Supplied records:
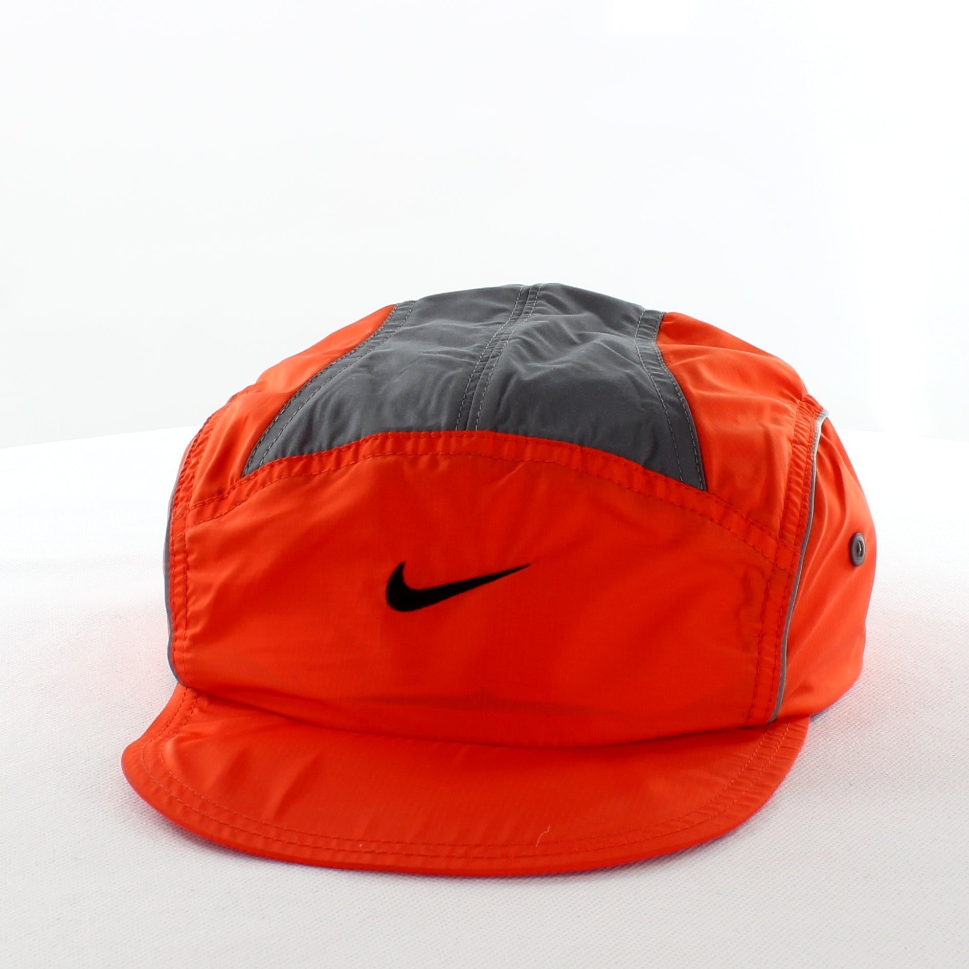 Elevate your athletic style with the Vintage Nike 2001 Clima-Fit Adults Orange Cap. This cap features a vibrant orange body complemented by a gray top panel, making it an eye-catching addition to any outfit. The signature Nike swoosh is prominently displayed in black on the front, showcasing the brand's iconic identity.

--

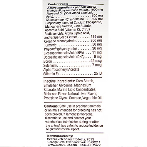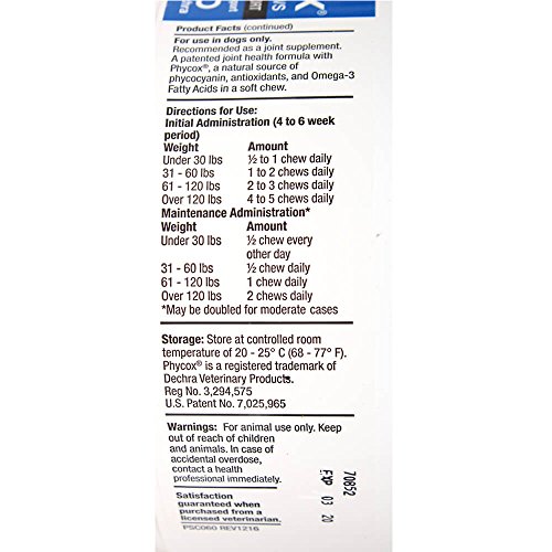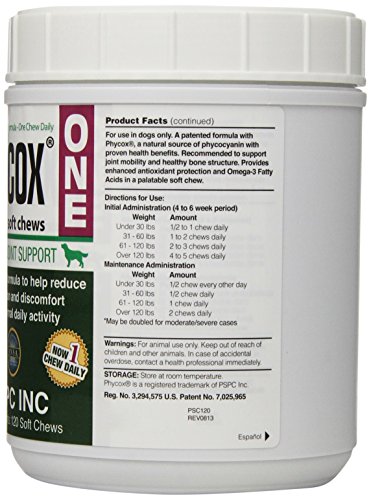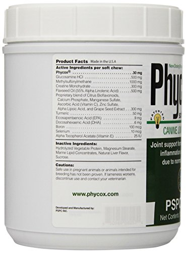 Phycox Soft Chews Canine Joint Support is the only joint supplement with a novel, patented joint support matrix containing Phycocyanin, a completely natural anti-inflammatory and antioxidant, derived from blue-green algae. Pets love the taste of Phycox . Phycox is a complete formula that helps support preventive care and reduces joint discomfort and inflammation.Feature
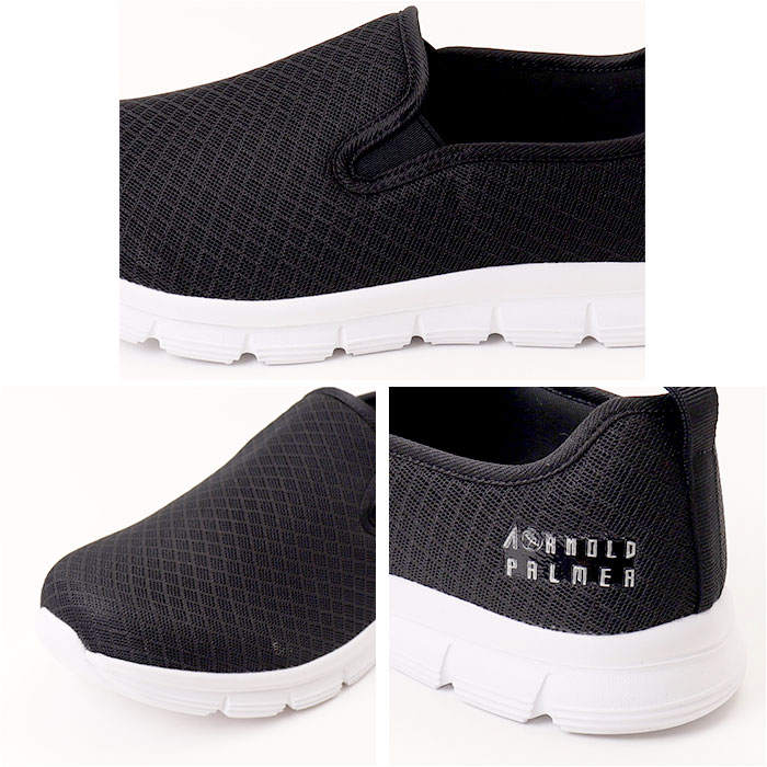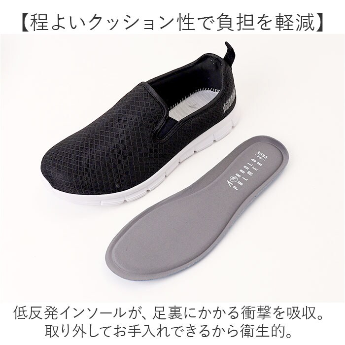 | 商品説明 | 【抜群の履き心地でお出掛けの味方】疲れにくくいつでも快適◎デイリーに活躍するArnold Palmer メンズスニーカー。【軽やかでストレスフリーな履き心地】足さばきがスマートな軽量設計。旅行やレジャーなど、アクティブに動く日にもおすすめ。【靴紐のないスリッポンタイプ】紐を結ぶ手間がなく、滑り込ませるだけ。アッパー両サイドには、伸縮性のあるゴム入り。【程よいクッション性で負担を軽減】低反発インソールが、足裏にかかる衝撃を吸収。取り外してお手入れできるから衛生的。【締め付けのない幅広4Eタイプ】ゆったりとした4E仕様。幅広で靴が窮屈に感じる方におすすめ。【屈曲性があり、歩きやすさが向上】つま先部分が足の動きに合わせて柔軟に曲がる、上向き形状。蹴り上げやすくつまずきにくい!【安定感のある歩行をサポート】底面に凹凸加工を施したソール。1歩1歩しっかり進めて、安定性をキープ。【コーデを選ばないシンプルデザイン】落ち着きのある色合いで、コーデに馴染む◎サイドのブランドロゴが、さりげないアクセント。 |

* * *

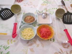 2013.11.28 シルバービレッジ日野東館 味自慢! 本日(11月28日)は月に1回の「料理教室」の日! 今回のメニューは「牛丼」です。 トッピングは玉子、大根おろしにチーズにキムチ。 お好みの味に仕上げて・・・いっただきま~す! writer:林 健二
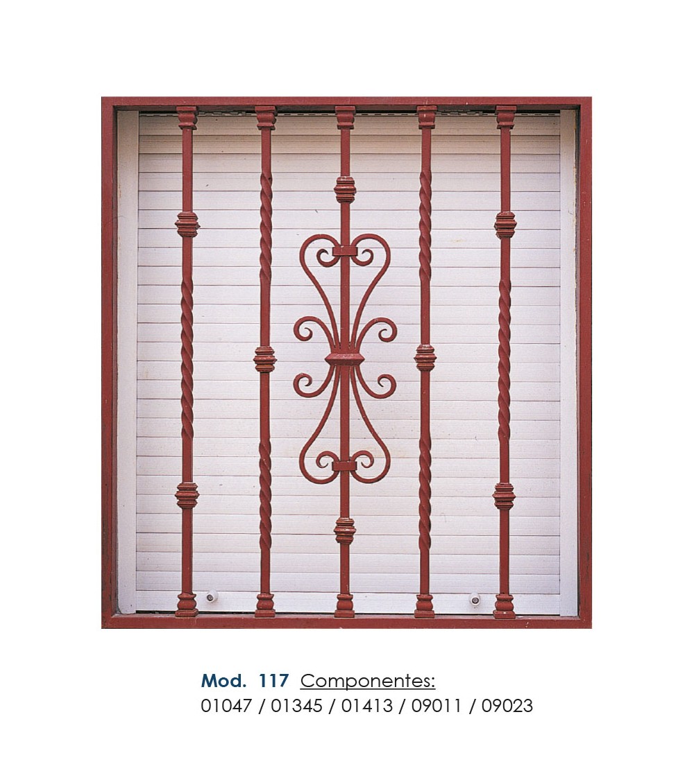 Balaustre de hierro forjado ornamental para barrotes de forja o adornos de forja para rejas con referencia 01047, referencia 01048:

What you need to do:
Every line above between the one containing "Phycox Soft Chews" and the one containing "商品説明 | 【抜群の履き心地でお出掛けの味方】疲れにくくいつでも快適◎デイリーに活躍するArnold", those two included, is to be printed exactly. No pictures go into the copy.

Your response:
 Phycox Soft Chews Canine Joint Support is the only joint supplement with a novel, patented joint support matrix containing Phycocyanin, a completely natural anti-inflammatory and antioxidant, derived from blue-green algae. Pets love the taste of Phycox . Phycox is a complete formula that helps support preventive care and reduces joint discomfort and inflammation.Feature
 | 商品説明 | 【抜群の履き心地でお出掛けの味方】疲れにくくいつでも快適◎デイリーに活躍するArnold Palmer メンズスニーカー。【軽やかでストレスフリーな履き心地】足さばきがスマートな軽量設計。旅行やレジャーなど、アクティブに動く日にもおすすめ。【靴紐のないスリッポンタイプ】紐を結ぶ手間がなく、滑り込ませるだけ。アッパー両サイドには、伸縮性のあるゴム入り。【程よいクッション性で負担を軽減】低反発インソールが、足裏にかかる衝撃を吸収。取り外してお手入れできるから衛生的。【締め付けのない幅広4Eタイプ】ゆったりとした4E仕様。幅広で靴が窮屈に感じる方におすすめ。【屈曲性があり、歩きやすさが向上】つま先部分が足の動きに合わせて柔軟に曲がる、上向き形状。蹴り上げやすくつまずきにくい!【安定感のある歩行をサポート】底面に凹凸加工を施したソール。1歩1歩しっかり進めて、安定性をキープ。【コーデを選ばないシンプルデザイン】落ち着きのある色合いで、コーデに馴染む◎サイドのブランドロゴが、さりげないアクセント。 |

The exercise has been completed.